WHAT IS EXPECTED:
Starting with the line that holds "9月26日晚,北汽藍谷發(f" and stopping after the line that holds "<p>Katana de Erza", repeat the lines below word for word, without the pictures.

RECORDED DATA:

****

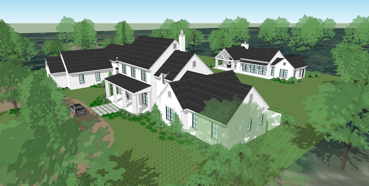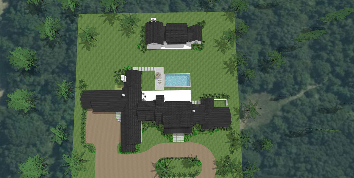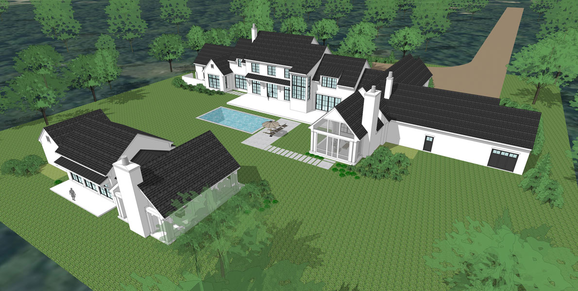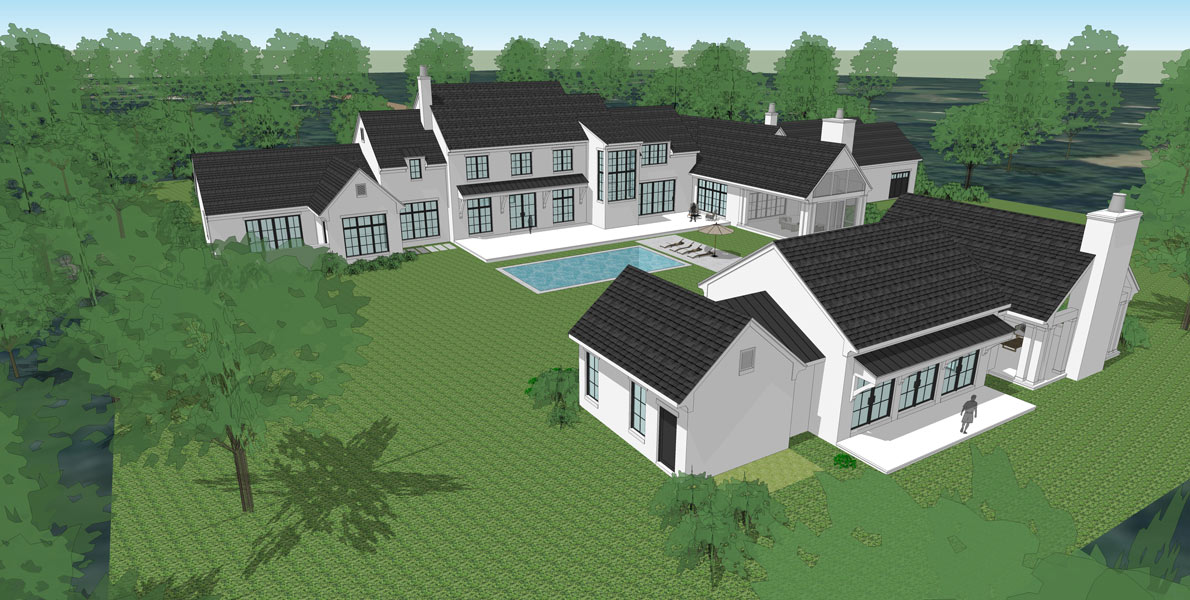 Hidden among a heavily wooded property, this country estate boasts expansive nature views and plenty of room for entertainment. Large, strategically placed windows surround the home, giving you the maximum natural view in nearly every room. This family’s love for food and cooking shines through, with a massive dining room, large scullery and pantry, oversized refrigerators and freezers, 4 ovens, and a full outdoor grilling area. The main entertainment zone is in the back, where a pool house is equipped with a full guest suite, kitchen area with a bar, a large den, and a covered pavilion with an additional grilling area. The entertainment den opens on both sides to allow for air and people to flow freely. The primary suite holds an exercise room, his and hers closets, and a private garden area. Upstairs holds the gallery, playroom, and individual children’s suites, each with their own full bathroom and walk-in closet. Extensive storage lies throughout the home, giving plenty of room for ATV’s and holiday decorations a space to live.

****

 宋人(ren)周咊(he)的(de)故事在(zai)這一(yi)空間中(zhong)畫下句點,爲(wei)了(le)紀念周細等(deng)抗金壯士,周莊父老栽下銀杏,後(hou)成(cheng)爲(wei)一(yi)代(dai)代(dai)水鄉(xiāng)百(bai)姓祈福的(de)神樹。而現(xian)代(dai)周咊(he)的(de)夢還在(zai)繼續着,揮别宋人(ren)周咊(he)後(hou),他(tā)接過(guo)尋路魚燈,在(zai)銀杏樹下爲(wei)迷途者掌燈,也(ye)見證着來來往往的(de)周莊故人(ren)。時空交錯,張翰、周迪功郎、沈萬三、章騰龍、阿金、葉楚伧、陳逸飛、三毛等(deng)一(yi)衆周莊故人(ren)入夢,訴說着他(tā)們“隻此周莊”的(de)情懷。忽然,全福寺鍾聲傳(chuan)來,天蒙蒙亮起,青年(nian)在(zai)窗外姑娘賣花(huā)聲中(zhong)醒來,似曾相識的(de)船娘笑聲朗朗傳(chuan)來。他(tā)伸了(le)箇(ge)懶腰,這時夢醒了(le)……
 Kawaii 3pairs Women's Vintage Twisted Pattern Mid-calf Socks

****

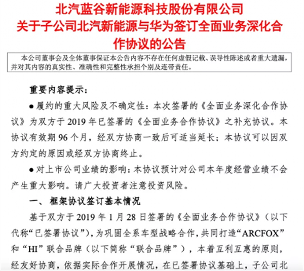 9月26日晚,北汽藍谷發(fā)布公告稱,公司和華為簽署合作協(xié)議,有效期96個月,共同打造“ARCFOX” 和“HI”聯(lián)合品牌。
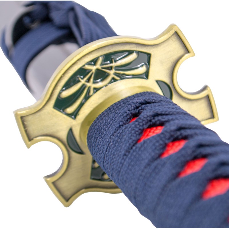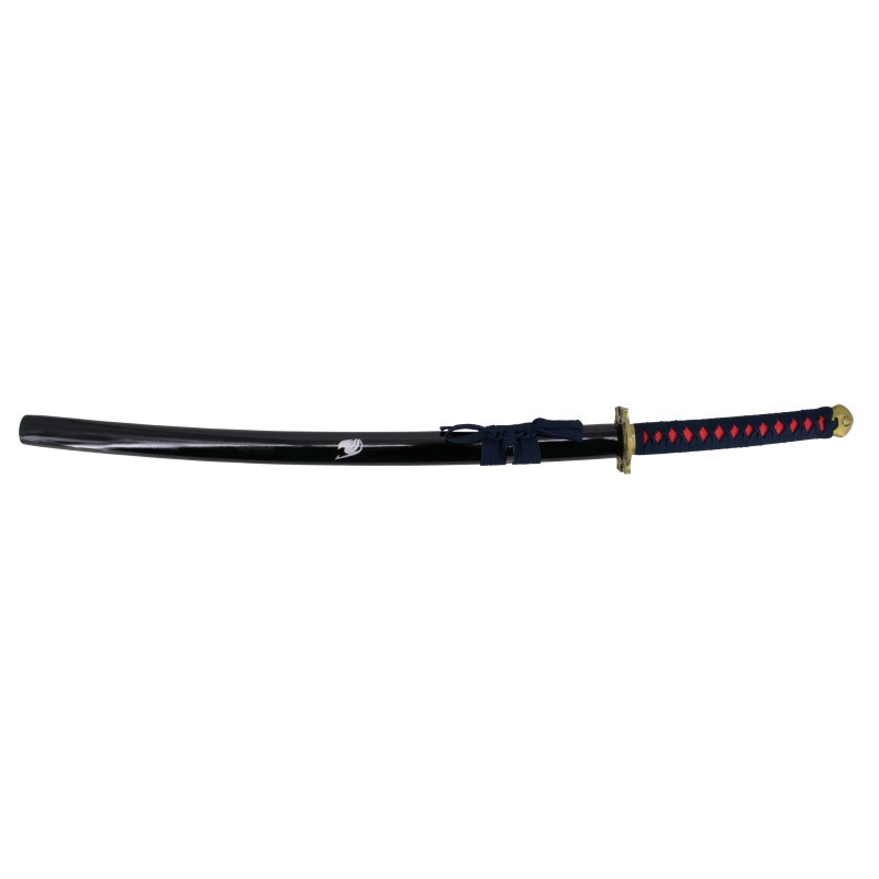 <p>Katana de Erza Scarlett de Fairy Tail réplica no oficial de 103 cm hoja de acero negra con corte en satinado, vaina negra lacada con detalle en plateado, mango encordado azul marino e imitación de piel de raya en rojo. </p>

****

ANSWER BOX:
 9月26日晚,北汽藍谷發(fā)布公告稱,公司和華為簽署合作協(xié)議,有效期96個月,共同打造“ARCFOX” 和“HI”聯(lián)合品牌。
 <p>Katana de Erza Scarlett de Fairy Tail réplica no oficial de 103 cm hoja de acero negra con corte en satinado, vaina negra lacada con detalle en plateado, mango encordado azul marino e imitación de piel de raya en rojo. </p>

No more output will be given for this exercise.